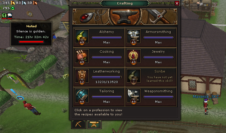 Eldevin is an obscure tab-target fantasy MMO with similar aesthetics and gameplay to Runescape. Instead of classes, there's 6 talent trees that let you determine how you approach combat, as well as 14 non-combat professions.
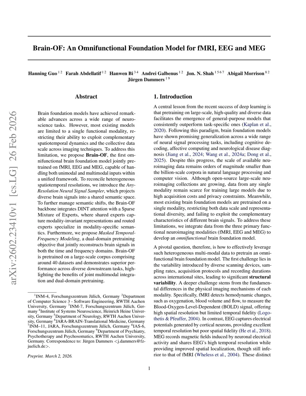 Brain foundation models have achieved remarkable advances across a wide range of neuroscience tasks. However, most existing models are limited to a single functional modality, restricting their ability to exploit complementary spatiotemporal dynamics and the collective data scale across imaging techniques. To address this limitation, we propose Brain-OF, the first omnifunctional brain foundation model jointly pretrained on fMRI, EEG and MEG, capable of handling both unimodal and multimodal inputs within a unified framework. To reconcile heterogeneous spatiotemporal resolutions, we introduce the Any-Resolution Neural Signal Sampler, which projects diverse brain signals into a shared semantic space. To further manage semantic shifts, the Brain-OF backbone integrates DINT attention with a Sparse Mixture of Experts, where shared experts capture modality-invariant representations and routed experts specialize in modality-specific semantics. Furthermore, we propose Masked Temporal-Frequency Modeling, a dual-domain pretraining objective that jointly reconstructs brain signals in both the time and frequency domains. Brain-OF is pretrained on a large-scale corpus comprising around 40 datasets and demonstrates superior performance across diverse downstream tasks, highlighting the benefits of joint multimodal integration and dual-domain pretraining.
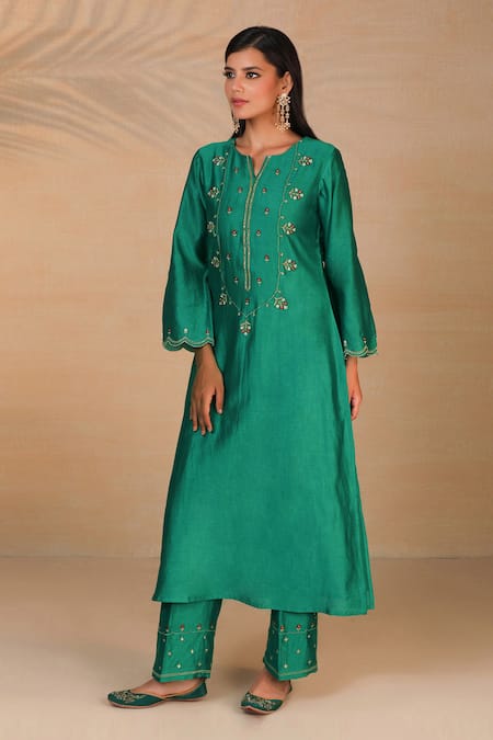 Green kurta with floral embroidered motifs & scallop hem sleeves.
...
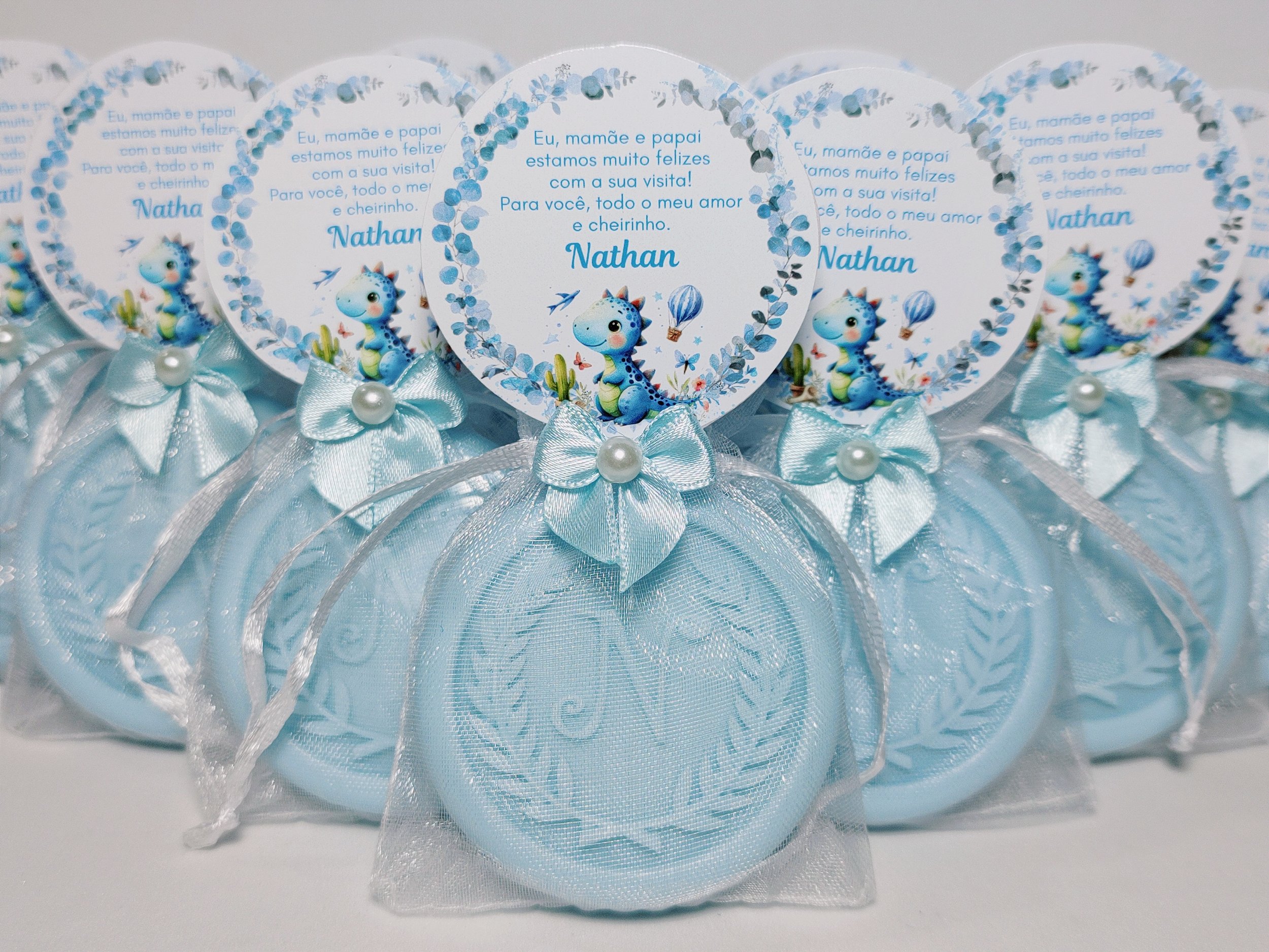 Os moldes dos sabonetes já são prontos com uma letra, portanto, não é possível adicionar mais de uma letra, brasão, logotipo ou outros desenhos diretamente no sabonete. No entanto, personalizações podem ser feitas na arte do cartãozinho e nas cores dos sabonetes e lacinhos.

_What this task involves_: The answer is the lines of the material above, from the one containing "Eldevin is an" down to the one containing "Green kurta with", given exactly and without images.

_Exercise output_:
 Eldevin is an obscure tab-target fantasy MMO with similar aesthetics and gameplay to Runescape. Instead of classes, there's 6 talent trees that let you determine how you approach combat, as well as 14 non-combat professions.
 Brain foundation models have achieved remarkable advances across a wide range of neuroscience tasks. However, most existing models are limited to a single functional modality, restricting their ability to exploit complementary spatiotemporal dynamics and the collective data scale across imaging techniques. To address this limitation, we propose Brain-OF, the first omnifunctional brain foundation model jointly pretrained on fMRI, EEG and MEG, capable of handling both unimodal and multimodal inputs within a unified framework. To reconcile heterogeneous spatiotemporal resolutions, we introduce the Any-Resolution Neural Signal Sampler, which projects diverse brain signals into a shared semantic space. To further manage semantic shifts, the Brain-OF backbone integrates DINT attention with a Sparse Mixture of Experts, where shared experts capture modality-invariant representations and routed experts specialize in modality-specific semantics. Furthermore, we propose Masked Temporal-Frequency Modeling, a dual-domain pretraining objective that jointly reconstructs brain signals in both the time and frequency domains. Brain-OF is pretrained on a large-scale corpus comprising around 40 datasets and demonstrates superior performance across diverse downstream tasks, highlighting the benefits of joint multimodal integration and dual-domain pretraining.
 Green kurta with floral embroidered motifs & scallop hem sleeves.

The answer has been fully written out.